(Data segment):
++++++++++

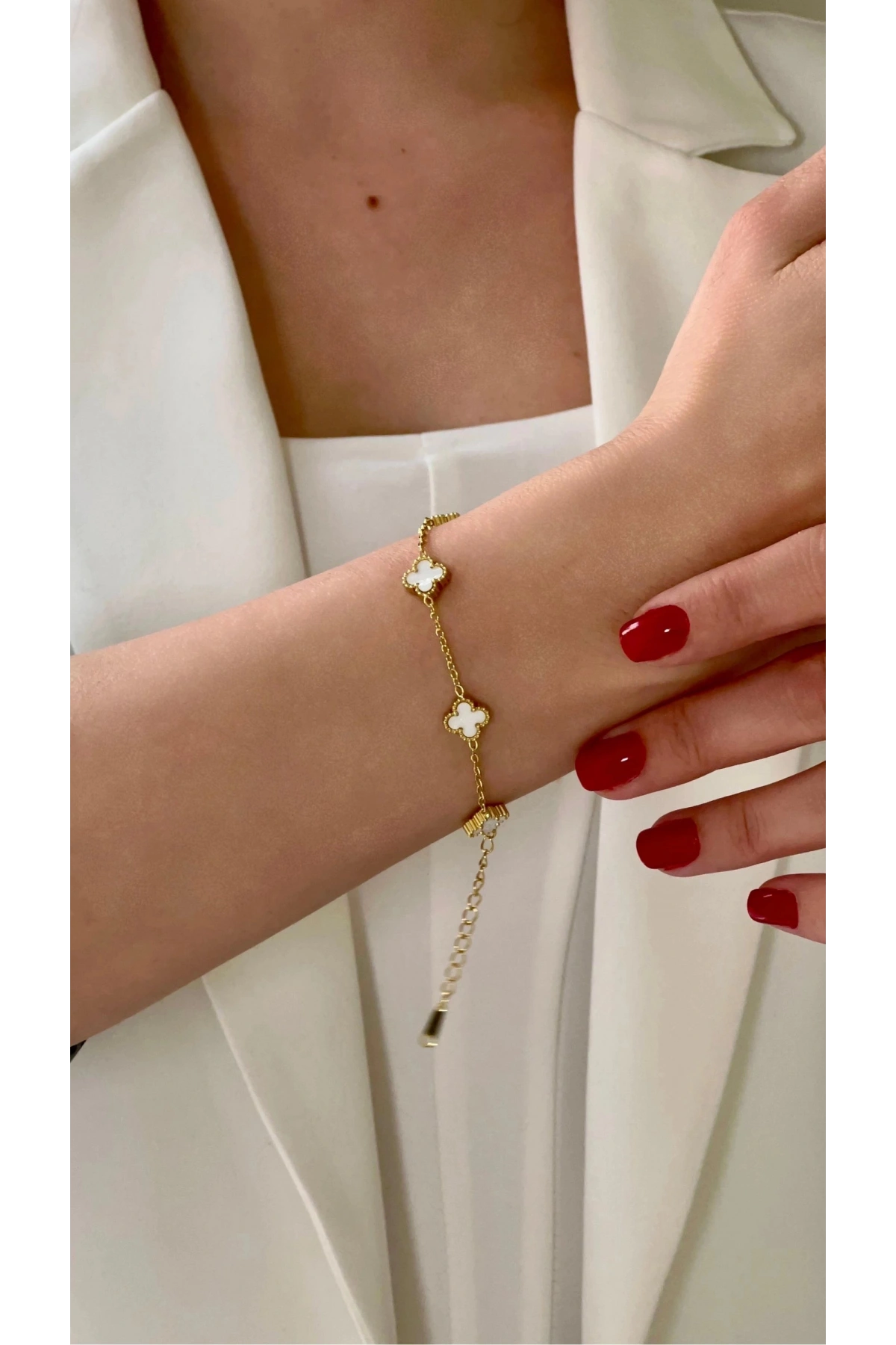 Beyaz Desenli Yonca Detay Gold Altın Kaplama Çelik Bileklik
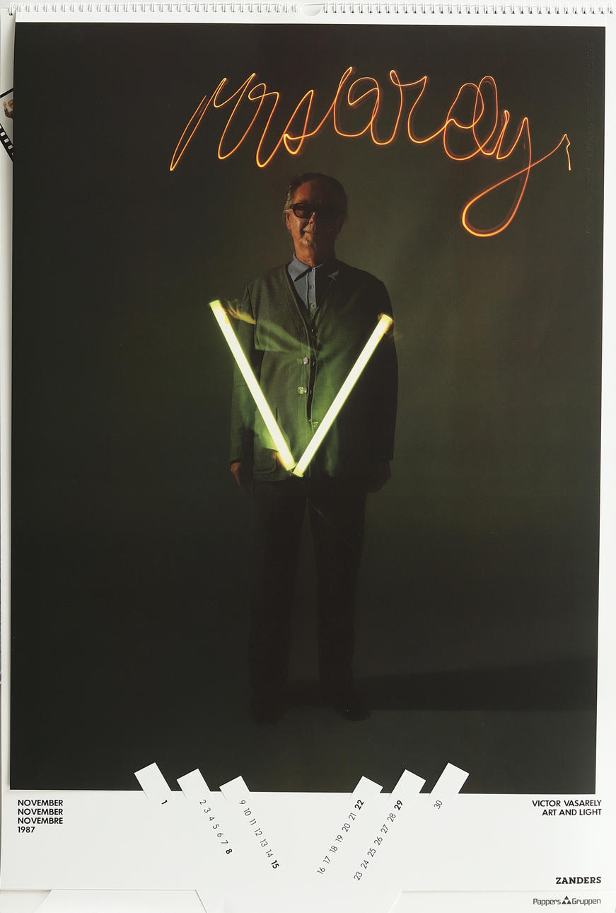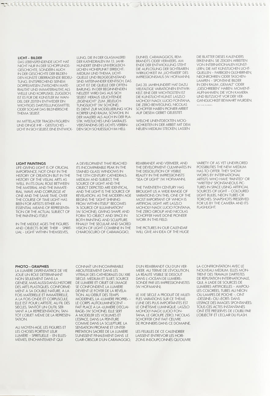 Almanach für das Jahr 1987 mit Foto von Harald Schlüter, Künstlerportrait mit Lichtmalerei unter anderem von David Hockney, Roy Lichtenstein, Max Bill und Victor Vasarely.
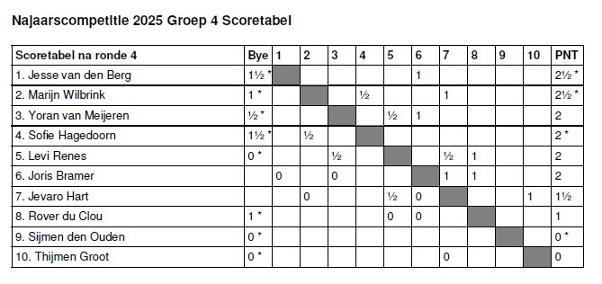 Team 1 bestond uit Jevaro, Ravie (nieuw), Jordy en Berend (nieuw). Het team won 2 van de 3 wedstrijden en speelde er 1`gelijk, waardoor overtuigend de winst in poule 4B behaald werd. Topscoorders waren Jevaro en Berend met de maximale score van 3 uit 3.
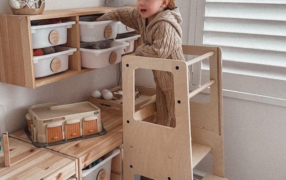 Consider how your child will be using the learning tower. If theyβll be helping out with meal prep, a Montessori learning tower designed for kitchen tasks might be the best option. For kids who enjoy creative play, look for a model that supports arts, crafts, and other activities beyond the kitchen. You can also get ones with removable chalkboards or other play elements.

++++++++++

(What is expected):
Since the pictures are not part of the copy, transcribe only the remaining material, exactly.

(Task answer):
 Beyaz Desenli Yonca Detay Gold Altın Kaplama Çelik Bileklik
 Almanach für das Jahr 1987 mit Foto von Harald Schlüter, Künstlerportrait mit Lichtmalerei unter anderem von David Hockney, Roy Lichtenstein, Max Bill und Victor Vasarely.
 Team 1 bestond uit Jevaro, Ravie (nieuw), Jordy en Berend (nieuw). Het team won 2 van de 3 wedstrijden en speelde er 1`gelijk, waardoor overtuigend de winst in poule 4B behaald werd. Topscoorders waren Jevaro en Berend met de maximale score van 3 uit 3.
 Consider how your child will be using the learning tower. If theyβll be helping out with meal prep, a Montessori learning tower designed for kitchen tasks might be the best option. For kids who enjoy creative play, look for a model that supports arts, crafts, and other activities beyond the kitchen. You can also get ones with removable chalkboards or other play elements.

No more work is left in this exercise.